* _Directions for this task_
Look in the listing below for the line that has "The Woman of", then return it and each following line up to and including the one with "Рукав втачной, со", exactly and without pictures.

++++ Material for the task

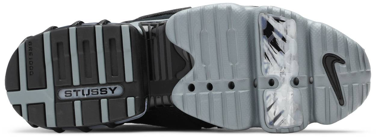 Made in collaboration with the Southern California streetwear brand, the Stussy x Nike Air Zoom Spiridon Caged 2 ‘Black Cool Grey’ utilizes a stealthy monochromatic finish on the upper, constructed from a blend of cotton slub canvas with tonal hemp overlays and open mesh paneling at the toe and quarter panel. The retro runner rides on a neutral grey foam midsole, complete with a painted Zoom Air heel unit encased in a Pebax cage.
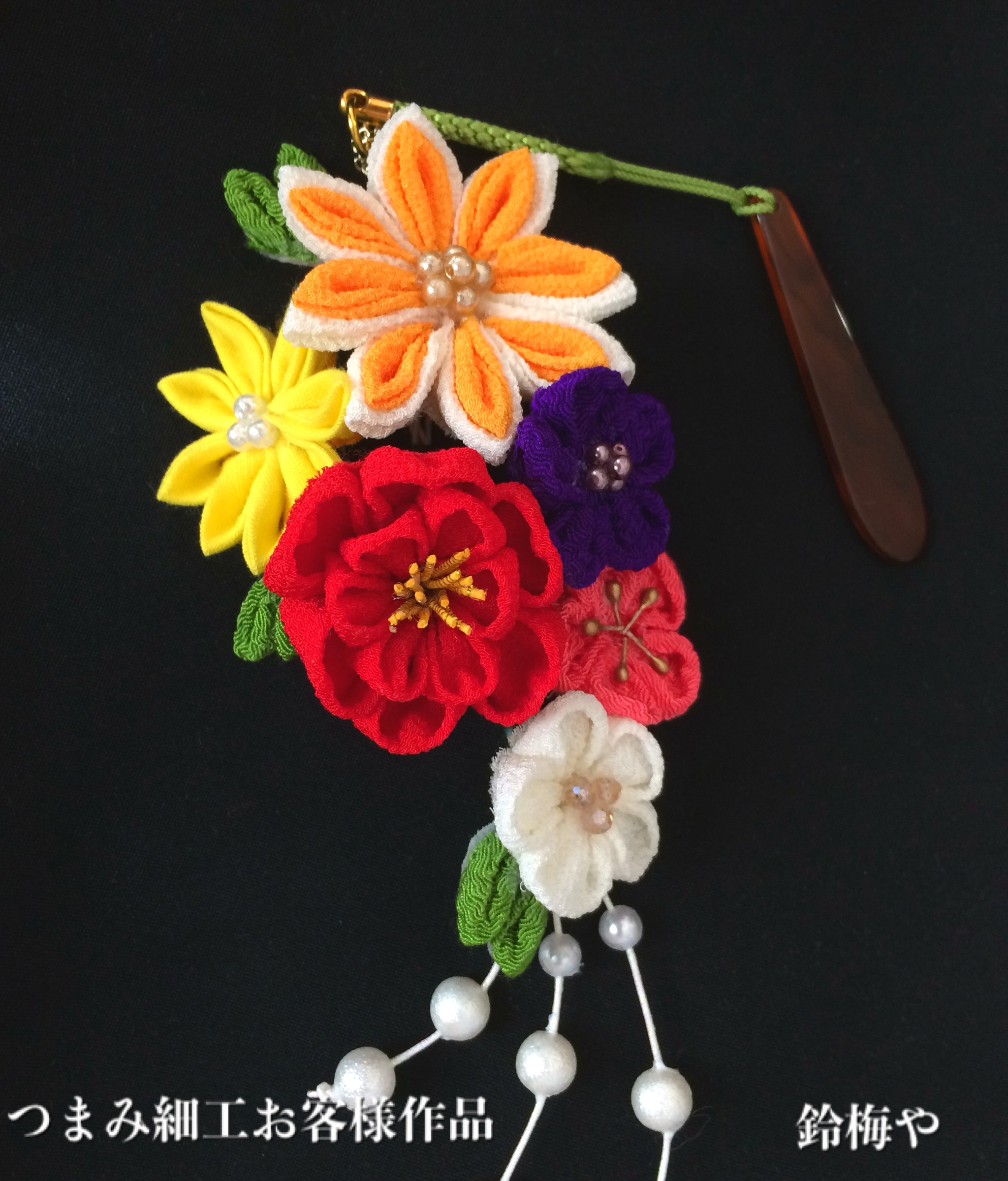つまみ細工で新年の娘さんの成人式のための帯飾りを制作されました。
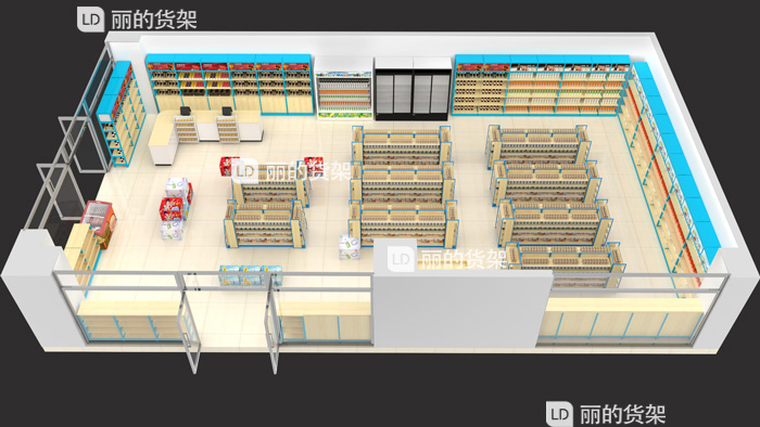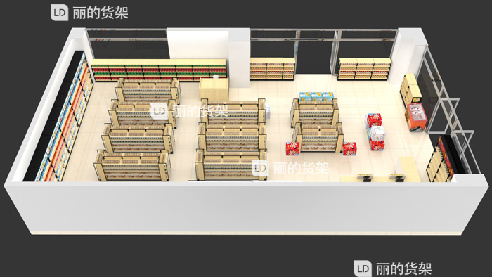 下面来看看丽的货架为一家便利店做的货架布局效果图。陈列展示木制货架,三个角度两个颜色,提供客户选择,中岛区域的货架布置是呈三角形,总共为九组中岛货架。三面墙都是单面货架铺满,下面来看看下面图中的货架配置:
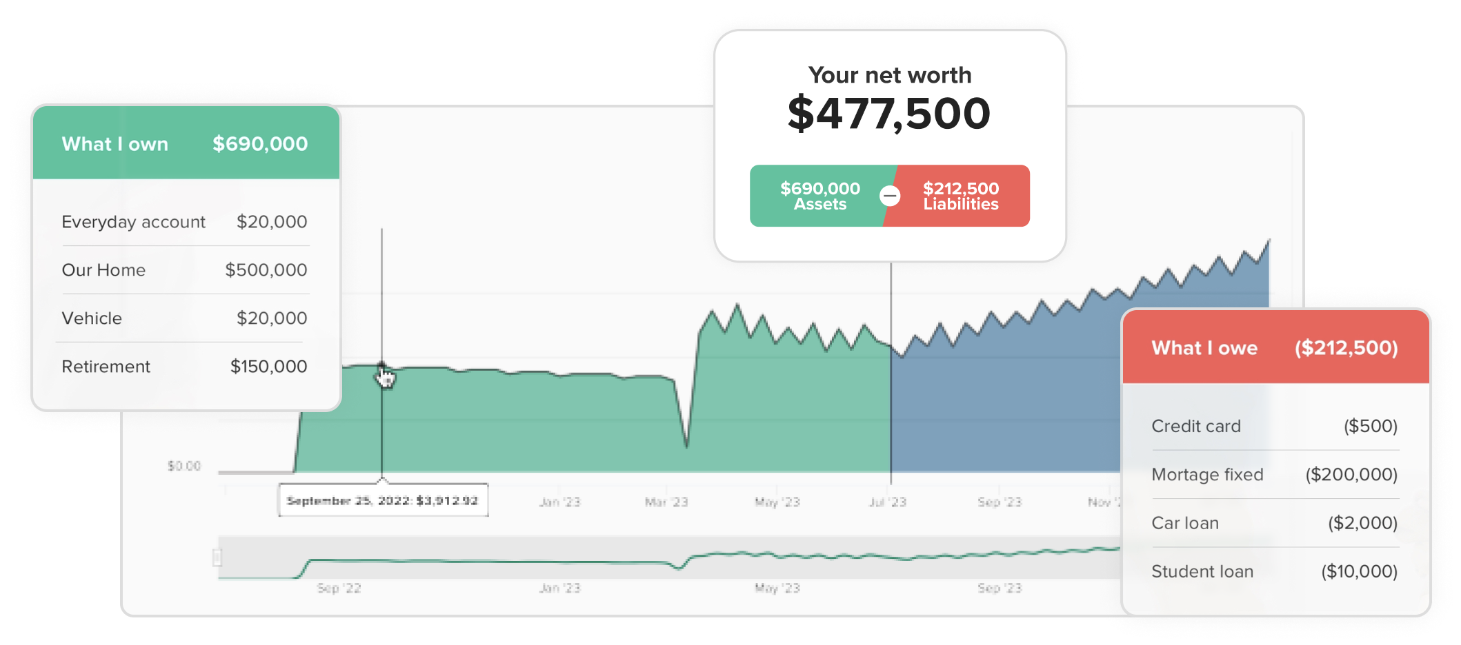 Our personal net worth app allows you to measure your total financial performance across all accounts, assets and liabilities.
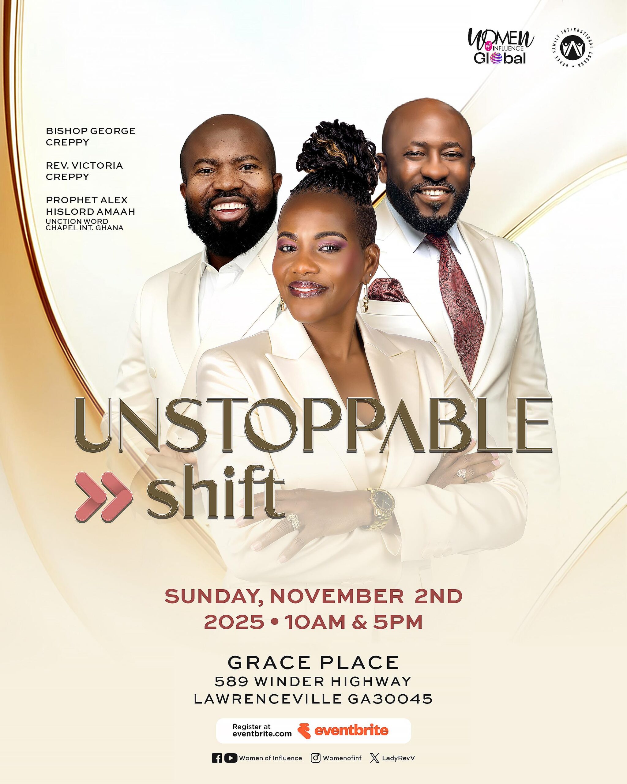 The Woman of Influence Conference 2025 returns with the theme “Unstoppable Shift – Where Women Rise, Shift, and Influence.” Join Rev. Mrs. Victoria Nana Aggrey Creppy from October 31 to November 2 at Grace Place, Lawrenceville, GA, for a weekend of prayer, worship, empowerment, and celebration designed to inspire, uplift, and ignite your divine purpose.
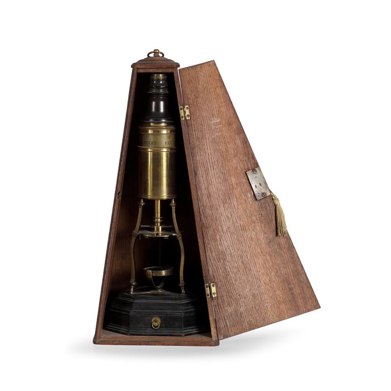 Microscopio in ottone del tipo Culpaper. Firmato Thomas Ribright, attivo dal 1756 al 1789
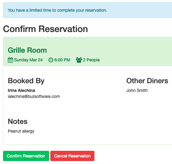 8. Tap the green Confirm Reservation button to complete the reservation.
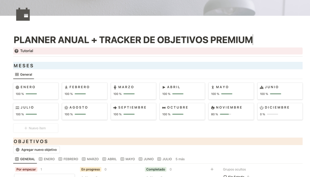 ¿Que incluye la Plantilla "Planner Anual + Tracker de Objetivos Premium"?
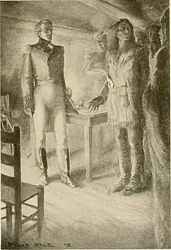 The victory solidified the support of Tecumseh and other Indigenous leaders, who saw Brock's actions as both a sign of competence and a willingness to take action.[35] Tecumseh trusted and respected Brock, and is reported to have proclaimed, "This is a man," after meeting the general for the first time.[36] Although Brock's correspondence indicates a certain amount of paternal condescension for the First Nations,[37] he seems to have regarded Tecumseh very highly saying, "a more sagacious or a more gallant warrior does not I believe exist".[38] Brock made a number of commitments to the Shawnee leader. He promised not to broker a peace treaty with the Americans without addressing Tecumseh's vision of an independent homeland. There is no evidence Brock negotiated in bad faith. His personal integrity and respect for Indigenous peoples suggests that if he had lived he would have kept his word to the Shawnee leader.[39]
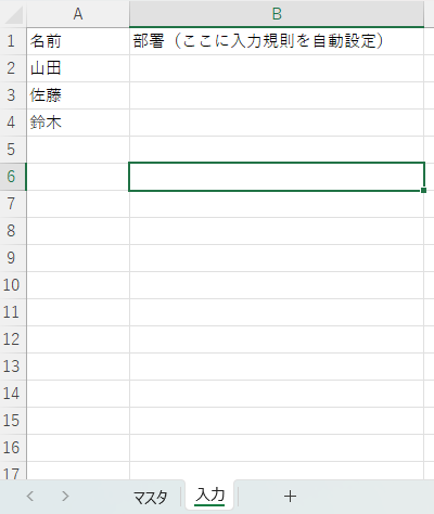 - 「入力」シートに、入力したい列(例:B列「部署」)を用意する
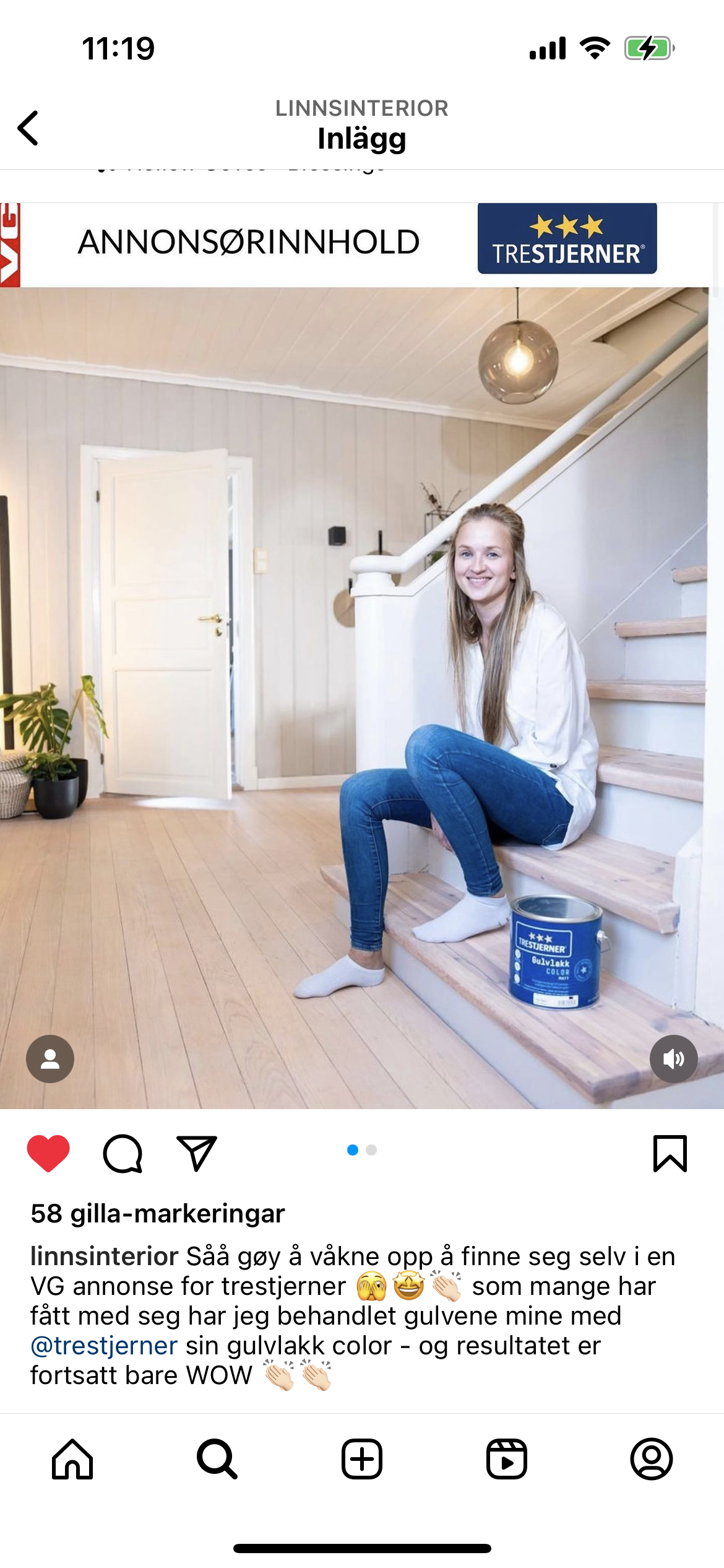 Linn, som lakker om gulvet sitt i saken, er interiør-influenser. En troverdig case som elsker å pusse opp og gjøre det selv.
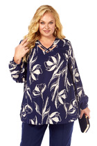 Рукав втачной, со слегка спущенной линией плеча. Низ обработан манжетой с функциональной застёжкой. Низ блузы фигурной формы и застрочен вподгибку.
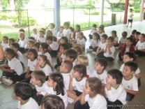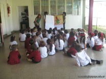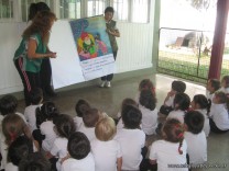 Aquí se puede observar a los chicos mientras ven y escuchan el cuento “Aladino y la lámpara maravillosa”, que fue prestado por los padres del niño Ignacio Caja. ¡Gracias Flia. Caja!

++++++++

* _Result below_
 The Woman of Influence Conference 2025 returns with the theme “Unstoppable Shift – Where Women Rise, Shift, and Influence.” Join Rev. Mrs. Victoria Nana Aggrey Creppy from October 31 to November 2 at Grace Place, Lawrenceville, GA, for a weekend of prayer, worship, empowerment, and celebration designed to inspire, uplift, and ignite your divine purpose.
 Microscopio in ottone del tipo Culpaper. Firmato Thomas Ribright, attivo dal 1756 al 1789
 8. Tap the green Confirm Reservation button to complete the reservation.
 ¿Que incluye la Plantilla "Planner Anual + Tracker de Objetivos Premium"?
 The victory solidified the support of Tecumseh and other Indigenous leaders, who saw Brock's actions as both a sign of competence and a willingness to take action.[35] Tecumseh trusted and respected Brock, and is reported to have proclaimed, "This is a man," after meeting the general for the first time.[36] Although Brock's correspondence indicates a certain amount of paternal condescension for the First Nations,[37] he seems to have regarded Tecumseh very highly saying, "a more sagacious or a more gallant warrior does not I believe exist".[38] Brock made a number of commitments to the Shawnee leader. He promised not to broker a peace treaty with the Americans without addressing Tecumseh's vision of an independent homeland. There is no evidence Brock negotiated in bad faith. His personal integrity and respect for Indigenous peoples suggests that if he had lived he would have kept his word to the Shawnee leader.[39]
 - 「入力」シートに、入力したい列(例:B列「部署」)を用意する
 Linn, som lakker om gulvet sitt i saken, er interiør-influenser. En troverdig case som elsker å pusse opp og gjøre det selv.
 Рукав втачной, со слегка спущенной линией плеча. Низ обработан манжетой с функциональной застёжкой. Низ блузы фигурной формы и застрочен вподгибку.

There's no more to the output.